The cost of living is a factor in attracting new industry. Certainly all other things being equal, a community with a lower cost of living might have an edge over competitors. But it is likely that a number of other factors rank higher when it comes to site selection.
“It is part of the criteria,” said John H. Turner, director of economic development, Entergy Mississippi. “We do use the statistical data that is generated, and we consider a lower cost of living a strength for Mississippi It is a factor that is looked at directly and indirectly. Most of the time, it is more an indirect than a direct issue. It really depends on the type of prospect that you are dealing with whether an industrial manufacturer, an automotive supplier or a data center, for example.”
There is a correlation between what a business needs to pay employees and what it takes to live in a community. Turner said an example right now within the State of Mississippi is the cost of living in DeSoto County is higher than other parts of rural Mississippi.

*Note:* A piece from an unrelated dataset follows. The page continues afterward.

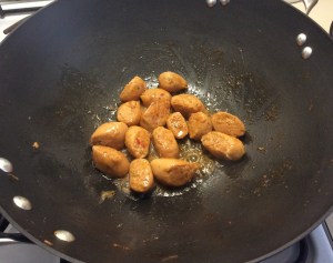 When the vegetables are ready, season with salt if necessary – be sure to taste before adding salt, because the sausage may already be salted. Add ground pepper, and basil leaves, oregano, or other aromatic herbs as you like.

“It is just a natural phenomenon with the growth in DeSoto County that the cost of living would trend higher,” Turner said.
The quality and availability of the workforce is often the top consideration. And sometimes cost of living factors into that. Turner said in a project they worked on recently, the consultant looked at cost of living as key factor because the prospect he was representing was looking for a workforce with an average salary range of $35,000 to $40,000 per year.
“The cost of living would have a big impact on where they could go and find that type of workforce,” Turner said.
The cost of doing business in the community is usually a bigger overall consideration. Prospects always look at cost of doing business factors such as labor rates. Turner said cost of labor is one reason for the large growth in the automotive industry in the Southeast.
“You don’t have to pay people as much if it doesn’t cost as much to live here,” Turner said. “Fifty thousand per year is worth a lot more here than it is in Detroit, Mich.”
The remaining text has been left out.